Все еще всхлипывая, девочка последовала за ней. Миновав ряд построек, они вышли к невысокому каменному зданию, и сердце Эйки радостно забилось: со всех сторон его окружали нулуры — высокие серебристо-серые стволы тянулись к небу, и нежно звенели подвешенные к их ветвям колокольчики. Однако радость была недолгой: ее завели внутрь, и глухие, без окон, стены скрыли от глаз стройные деревца, лишь голубело в круглом проеме небо. Но вот закрылась дверь, брякнул задвинутый снаружи засов, хотя она чувствовала — внимательные глаза следят за каждым ее движением. Огляделась: почти все пространство занимал огромный стол, освещаемый солнечным светом, щедро лившимся из отверстия в потолке. На столе лежали моток пряжи, пучок трав, кучка зерна, решето, дежка для теста, валек для стирки, тщательно выструганные палочки, баранья лопатка, горсть камней… Руки сами потянулись к пучку трав, пахнущих горными лугами. Зарывшись в них лицом, девочка бросилась ничком на лежанку у стены, даже не взглянув на стоящую у изголовья миску с едой. Свернулась калачиком и услышала над головой голоса, скрип, лязг. Небо исчезло.
Оказавшись в кромешной тьме, Эйки немного поплакала и не заметила, как уснула. А ночью услышала шум моря: обернувшись белой птицей, летала она над чужим берегом, где волны бились об угрюмые скалы, и у края одного из утесов стоял воин. Стоял и смотрел вдаль. Густые его волосы трепал ветер, шлем он держал в руке. Солнце сияло на нем…
Свет из распахнувшейся настежь двери ослепил ее, когда наутро к ней вошла жрица, вместо приветствия спросившая: «Что тебе снилось?» Не дождавшись ответа, подошла, положила руки на плечи и, глядя в глаза, повторила: «Скажи мне, что ты видела во сне». Эйки услышала свой непривычно тихий голос:
— Море.
— Хорошо. Море. Что еще?
— Скалы.
— Скалы…
— Воин.
— Воин?
Жрица с сомнением смотрела на нее:
— Ты раньше видела воинов?
— Видела. В Белом городе. Но он не такой, как они.
— Не такой?
— Другой. И солнце на шлеме…
Услышав это, жрица больше ничего не сказала. Убрала руки с плеч Эйки и вышла, а следом появилась прислужница — покачала головой, глядя на миску с нетронутой едой, и буркнула, показав на пучок трав, который девочка со вчерашнего дня так и не выпустила из рук:
— Оставь здесь.
Эйки лишь крепче его сжала.
Они вышли на свет, и мир снова заиграл красками, звуками: плыли по небу облака, серебрились стволы нулуров, звенели колокольчики в их ветвях, из храма доносилось стройное пение, а на почтительном расстоянии Эйки заметила стайку девочек, глядящих на нее во все глаза.
Вожатая усмехнулась:
— Ишь, неймется им! И знают ведь, что после трапезной я тебя к ним отведу.
Эйки тихонько вздохнула: лучше бы ее отвели домой…
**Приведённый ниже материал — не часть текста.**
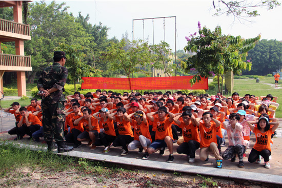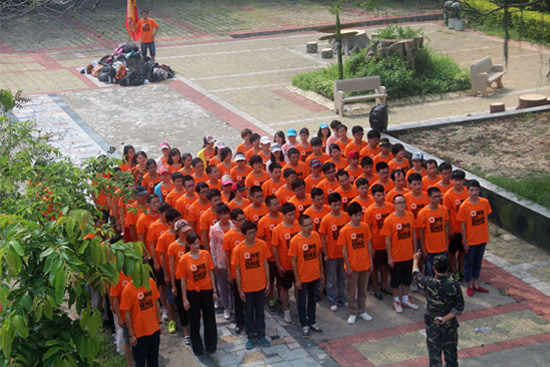 當(dāng)天抵達(dá)大嶝島后,整個大團(tuán)隊被分成兩個連隊:“尖刀連”和“英雄連”,并分成了八個小隊。首當(dāng)其沖迎接所有員工的就是教官嚴(yán)格的軍訓(xùn)。一個口令,一個動作,都必須執(zhí)行到位。一開始團(tuán)隊因為不適應(yīng)還帶著點(diǎn)懶懶散散,教官不留情面,直接處罰,命令所有人抱頭蹲地,原地蹬腿。接著又因為集合拖拉,全員罰做俯臥撐。經(jīng)過一番雕琢后,我們的大團(tuán)隊拿出了應(yīng)有的紀(jì)律和氣勢,走入了下一個環(huán)節(jié)。
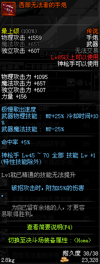 | 85 | 西部无法者的手炮 | *昨日之巴斯顿 掉落 (在远古地下城里出没。) *从NPC鲁特的物品店出售的[西部无法者武器礼盒]中获得 *船长鲁特 出售 (气吞山河图×800) |
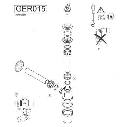 Сифон для умывальника с нержавеющей решеткой и винтом.
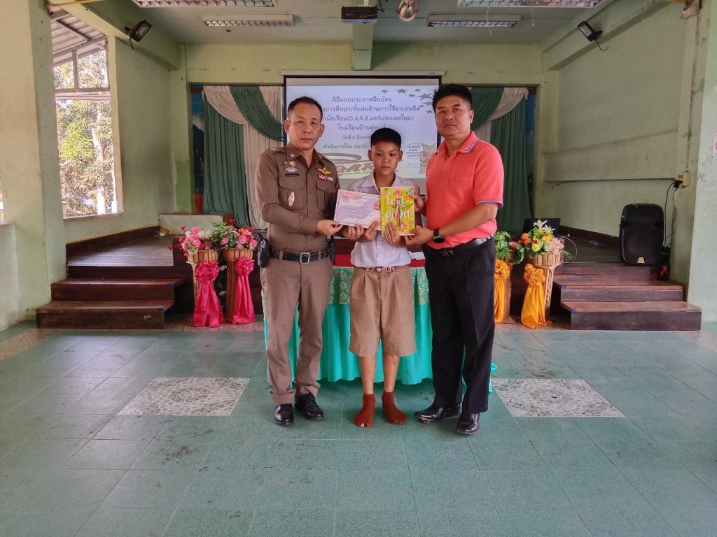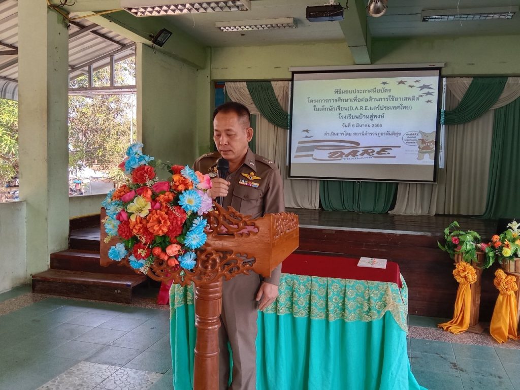 พิธีมอบใบประกาศนียบัตรให้กับนักเรียนผู้สำเร็จการศึกษา โครงการการศึกษาเพื่อต่อต้านการใช้ยาเสพติดในเด็กนักเรียน(D.A.R.E.ประเทศไทย) ประจำปีการศึกษา 2567
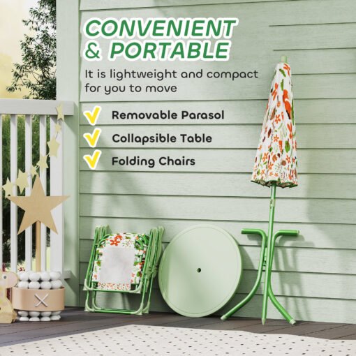The AIYAPLAY kids folding table and chairs set is greatt for playdates, outdoor fun and providing your little ones with a personal space to relax. It features a hole in the centre for a parasol, which can be adjusted in height, offering cooling shade on hot summer days. Suitable for ages 2-5, its cute fox design design is sure to capture their imagination and add a playful touch to any setting. When playtime is over, simply fold it away for compact storage, keeping it ready for next time.

Все здесь было чужим, а потому — страшным. Трапезная была не из белого камня, а из темного, и распахнутая настежь дверь вела, казалось, в пещеру чудища. Стоявшая возле нее костлявая женщина с внушительной связкой ключей на поясе визгливо бранила девочку, торопливо собиравшую в подол черепки разбитого кувшина.
— Чего встала, — дернула ее за руку спутница и, понизив голос, проговорила: — Наслушаешься еще…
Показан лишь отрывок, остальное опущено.